Concernant la situation particulière du centre hospitalier d'Ardèche méridionale, la décision de constituer le groupement hospitalier de territoire dans son périmètre actuel a été prise en 2016, après concertation des acteurs du bassin de vie défini à l'époque. Le rôle de l'établissement sur son territoire et l'éventail des activités assurées ne sont nullement remis en cause dans le cadre du projet régional de santé en vigueur. Cette réflexion ne pourra être fructueuse si chaque établissement se focalise exclusivement sur le maintien de toutes ses activités propres : le positionnement des activités doit pouvoir être déterminé dans un objectif d'amélioration du service public à l'échelle du groupement et de sécurité des soins.
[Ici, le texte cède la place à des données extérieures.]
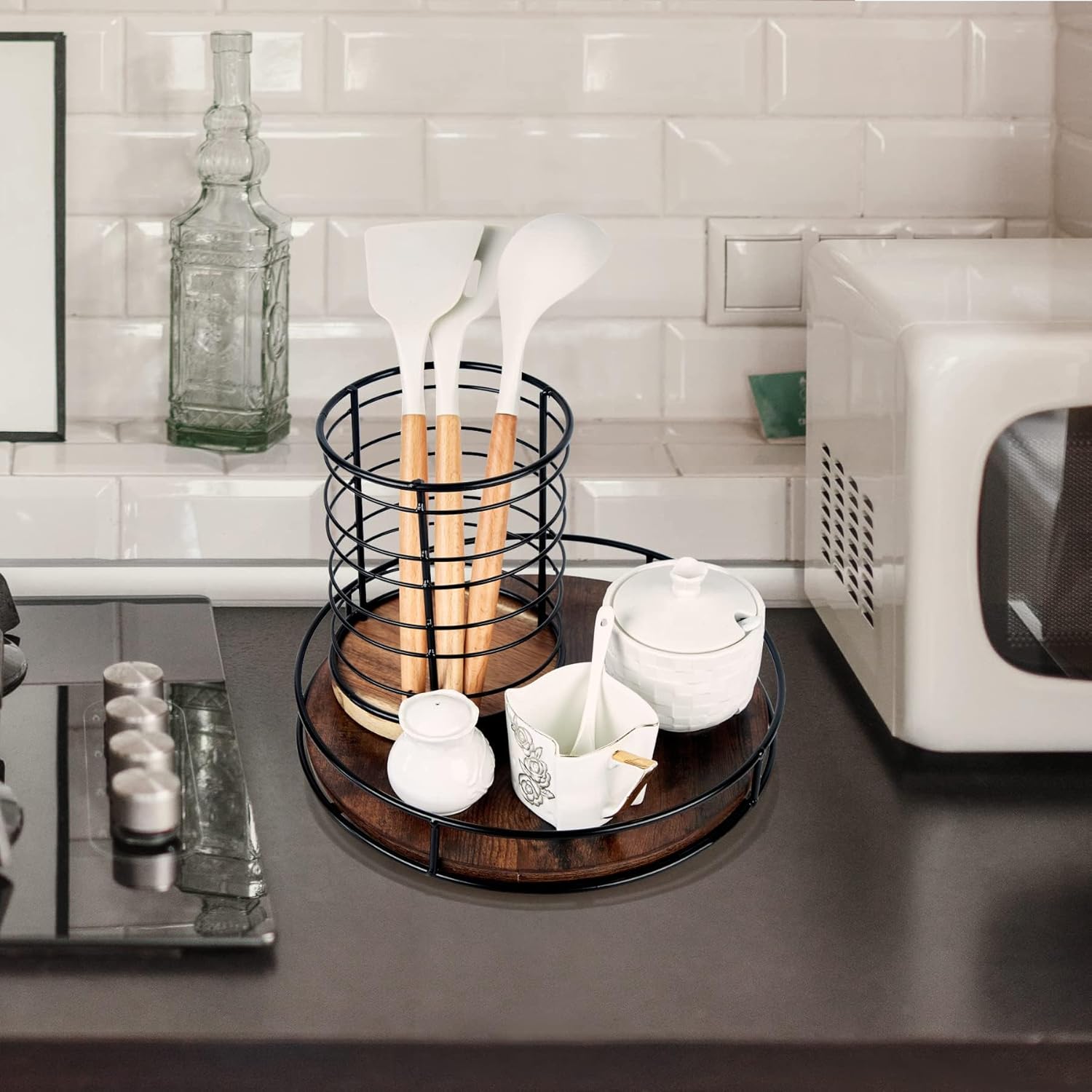 12 Inch Wood Lazy Susan, Rustic Brown Turntable Organizer with Steel Frame, 360 Degree Decorative Turntable for Countertop or Centerpieces

Les axes de travail ne sont d'ailleurs pas spécifiques à la création des groupements hospitaliers de territoire, mais peuvent avoir été définis bien antérieurement : des parcours de santé ou des parcours médicaux entre ces différents hôpitaux ont parfois été identifiés. C'est le cas notamment des coopérations en biologie entre les sites de Montélimar, Privas et Aubenas, pour lesquels des réflexions restent inabouties depuis 2014. Les discussions entre les acteurs locaux se poursuivent.

M. le président. La parole est à M. Fabrice Brun.

M. Fabrice Brun. Je vous remercie de votre réponse, madame la ministre. Nous sommes évidemment convaincus de l'intérêt de la coopération hospitalière, à la condition, toutefois, que soit garantie une base forte à Aubenas. Je me tiens à votre disposition et à celle de vos services pour trouver ensemble des solutions concrètes complémentaires pour notre bassin de santé, dont les spécificités et les particularités sont réelles. C'est en effet un des bassins les plus enclavés de France, avec des zones de montagne et de pentes isolées. De plus, le pic saisonnier y est très important, puisque le bassin passe de 100 000 habitants à l'année à 300 000 durant la période touristique. Il regroupe également la population la plus âgée de la région Auvergne-Rhône-Alpes, avec une tradition séculaire d'accueil du handicap qui fait sa fierté tout en nécessitant une offre de soins particulière.

Enfin, c'est le dernier bassin d'emplois de la région Auvergne-Rhône-Alpes. Il ne vous aura d'ailleurs pas échappé que l'hôpital d'Aubenas, avec 1 200 collaborateurs, est le premier employeur de ce bassin de vie. Je tiens, du reste, à rendre hommage à l'engagement quotidien des agents. Or le gouvernement précédent n'a pas pris en considération de nombreuses particularités de ce bassin de santé. Je souhaite que nous travaillions ensemble à ce qu'elles le soient enfin, au service de l'accès aux soins de tous les Ardéchois.